Here is a picture of two centuries of people working on farms and elsewhere. Several generations of our ancestors are in this picture; so are the workers of today – but things have changed a lot during the two centuries displayed here. Where farms once provided jobs for more than a quarter of our population, farms now employ less than one percent.

 

18th_&_19th_Century_Jobs

Statistics for this chart are from three sources. Two of the sources are found in Historical Statistics of the United States, Colonial Times to 1970. For the 19th century, Series D167-181 provides data for: (1) total labor force and (2) employment by area of work; unemployment is calculated as a residual. For charting, linear interpolation fills in the blanks.
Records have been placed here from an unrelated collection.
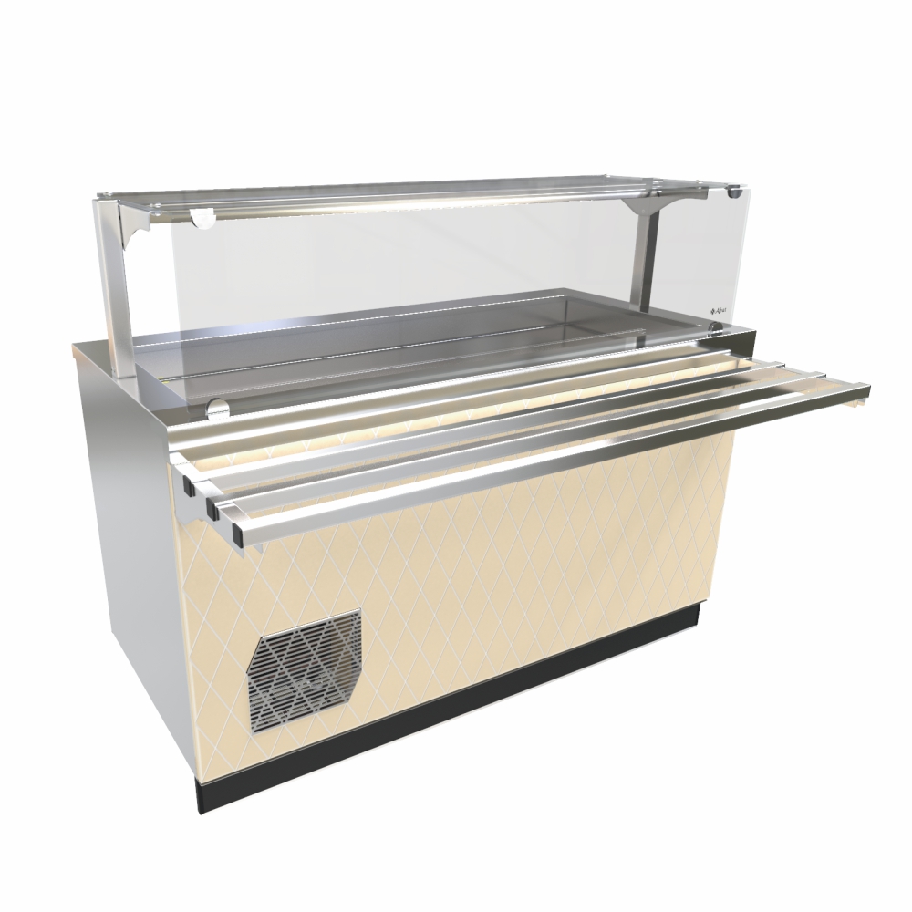 Прилавок-витрина холодильный предназначен для кратковременного хранения, демонстрации и раздачи холодных закусок и третьих блюд. Используется на предприятиях общественного питания в составе технологических линий раздачи или как самостоятельное изделие.
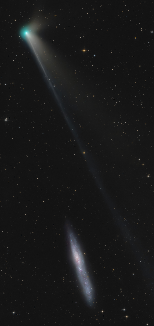 A HYPERBOLIC OORT CLOUD COMET: This conjunction was a million years in the making. On Feb. 9th, Daniele Gasparri of Atacama, Chile, photographed Comet Wierzchoś (C/2024 E1) gliding past the "string of pearls galaxy" NGC 55:
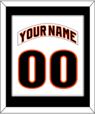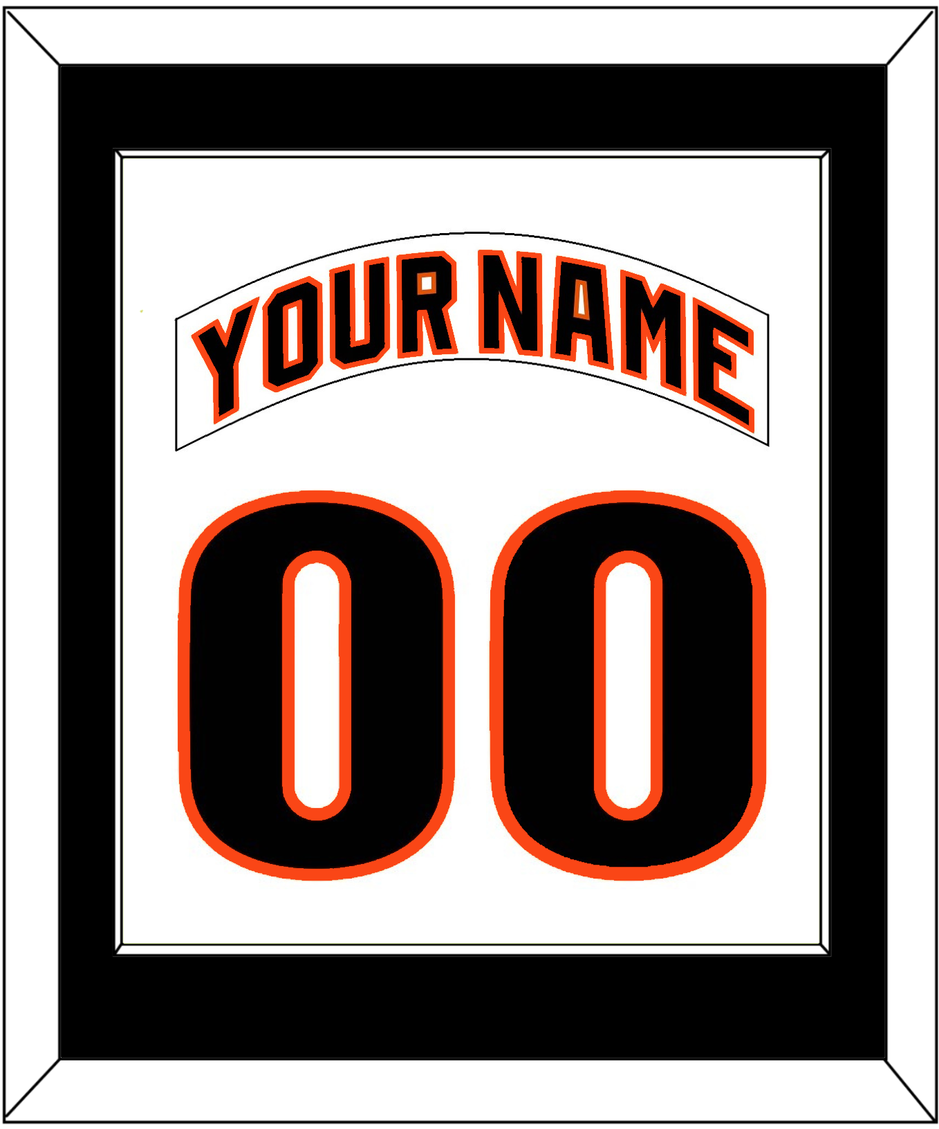 San Francisco Home White Jersey (1983 Through 1993) Nameplate & Number (From The Back Of The Jersey). Single Mat Cut: Black Mat With White Nameplate And Black Number Mounted On A White Mat. White Frame.

Beginning with the year 1900, and through the year 1928, Historical Statistics of the US provides annual data for (1) labor force, Series D1, (2) farm employment, Series D6 and (3) nonfarm employment, series D7. Unemployment data for 1900 and later are from: (1) 1900-1947, Series D8; (2) 1948-1970, Series D18; and (3) 1971-2008 from the BLS website.

Because of the easy access (by anyone with a computer and keyboard) to all NIPA (National Income and Product Accounts) data; and also because of the ease with which it can be transferred to our worksheets, I have taken all the employment data for years beginning with 1929 from that source. NIPA Tables 6.4A,B,C &D provides data for all full-time and part-time workers. NIPA Tables 6.74A,B,C&D provides data for all self-employed persons.

 

Note that in neither the 19th or 20th century, depressions did not result in marked declines in farm employment. For the 19th century, we might chalk that up to the interpolations between decennial years. However, the Great Depression shows massive job losses among nonfarm workers with no similar losses beyond the general decline in farm jobs. Depressions always hurt a lot of people. In the 19th century, the greatest hurt in the farm community probably was from reduced wages; people on farms and in the horse trade, had to remain on the job to shovel the animal by-products – and there was a lot of that. In the 20th century, with its greater reliance on nonfarm jobs, the greatest hurt was from the outright loss of jobs and the purchasing power the jobs had provided. But in either case, the loss in purchasing power in both sectors cost everyone dearly.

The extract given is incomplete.